Dataset section:

※ ※ ※

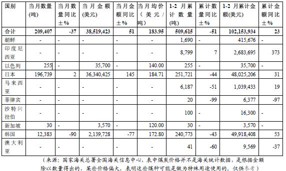 2009年2月我國無煙煤出口分國別統(tǒng)計(jì)
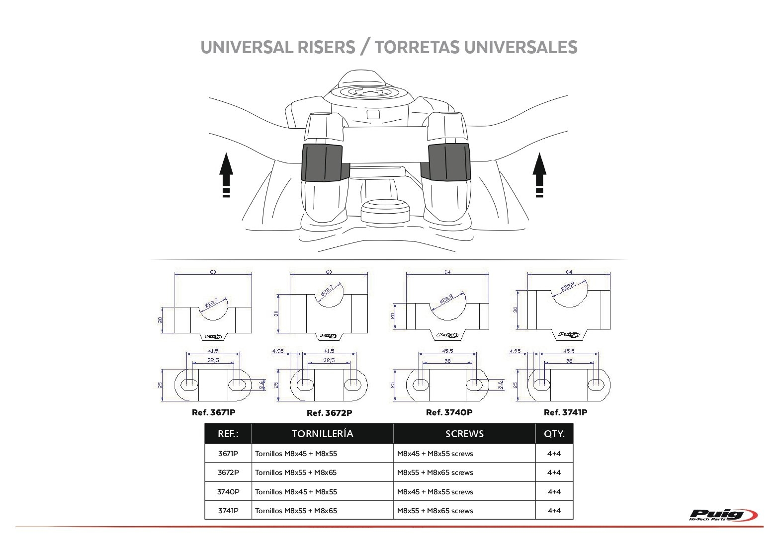 Torretas manillar Puig 3740P. Con las torretas Puig 3740P podrás mejorar tu experiencia de conducción sobre la moto. Diseñadas bajo la vertiente de Hi-Tech Parts y mecanizada a partir de un bloque de aluminio, con anodizado de colores, estas torretas serán la pieza perfecta para elevar la posición del manillar de la motocicleta, mejorando tu posición durante la conducción. Puig tiene disponibles dos medidas, 20mm y 30mm de altura, y es apto para manillares de 22, 29 y 32 milímetros de diámetro seún el modelo.
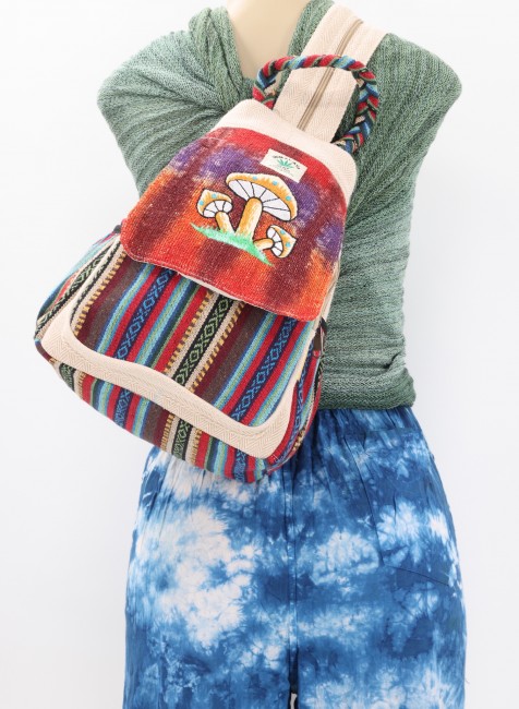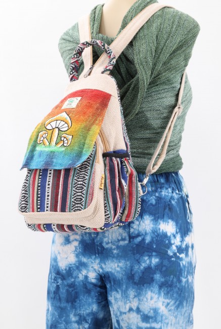 • At Himalaya Handmade we are known for creating the modern Mini hemp backpacks that are now available in a vast array of design and colors. Our Mini backpack with multicolor Aztec pattern which is made from eco-friendly natural hand-woven hemp and cotton fabric which is beautifully handcrafted in Nepal, they are of high quality and our backpacks have everything that you will need. You will not find products of higher quality anywhere else. All of our bags are sourced from the mountainous regions of Nepal and are all 100% Handmade. This backpack features are it has a unique multi colored pocket. Handcrafted this uniquely versatile Backpack comes with 2 pockets on the front both zippered and secured with a Velcro, the larger front pocket also has a zippered anti-theft pocket as well as compartment that can be used to store objects as large as 12 inches, There is also a secret back pocket which is zippered and can be used to contains various items, the bag also comes equipped with 2 water bottle holders. The bag has extremely strong construction, it has strong original two metal zippers on main compartment, soft padded straps and made from 100% Hemp, the entire bag is extremely strong but also breathable. Color of these bag will not be exact because arrangement of the pattern and the nature of these bags being handmade can cause the colors and patterns to be slightly different. Images for this bag are an overall example to what the bag looks like. Every bag is handmade and therefore unique.

※ ※ ※

Work item: The output is to be the material in full and unaltered, with pictures omitted.

Output for this task:
 2009年2月我國無煙煤出口分國別統(tǒng)計(jì)
 Torretas manillar Puig 3740P. Con las torretas Puig 3740P podrás mejorar tu experiencia de conducción sobre la moto. Diseñadas bajo la vertiente de Hi-Tech Parts y mecanizada a partir de un bloque de aluminio, con anodizado de colores, estas torretas serán la pieza perfecta para elevar la posición del manillar de la motocicleta, mejorando tu posición durante la conducción. Puig tiene disponibles dos medidas, 20mm y 30mm de altura, y es apto para manillares de 22, 29 y 32 milímetros de diámetro seún el modelo.
 • At Himalaya Handmade we are known for creating the modern Mini hemp backpacks that are now available in a vast array of design and colors. Our Mini backpack with multicolor Aztec pattern which is made from eco-friendly natural hand-woven hemp and cotton fabric which is beautifully handcrafted in Nepal, they are of high quality and our backpacks have everything that you will need. You will not find products of higher quality anywhere else. All of our bags are sourced from the mountainous regions of Nepal and are all 100% Handmade. This backpack features are it has a unique multi colored pocket. Handcrafted this uniquely versatile Backpack comes with 2 pockets on the front both zippered and secured with a Velcro, the larger front pocket also has a zippered anti-theft pocket as well as compartment that can be used to store objects as large as 12 inches, There is also a secret back pocket which is zippered and can be used to contains various items, the bag also comes equipped with 2 water bottle holders. The bag has extremely strong construction, it has strong original two metal zippers on main compartment, soft padded straps and made from 100% Hemp, the entire bag is extremely strong but also breathable. Color of these bag will not be exact because arrangement of the pattern and the nature of these bags being handmade can cause the colors and patterns to be slightly different. Images for this bag are an overall example to what the bag looks like. Every bag is handmade and therefore unique.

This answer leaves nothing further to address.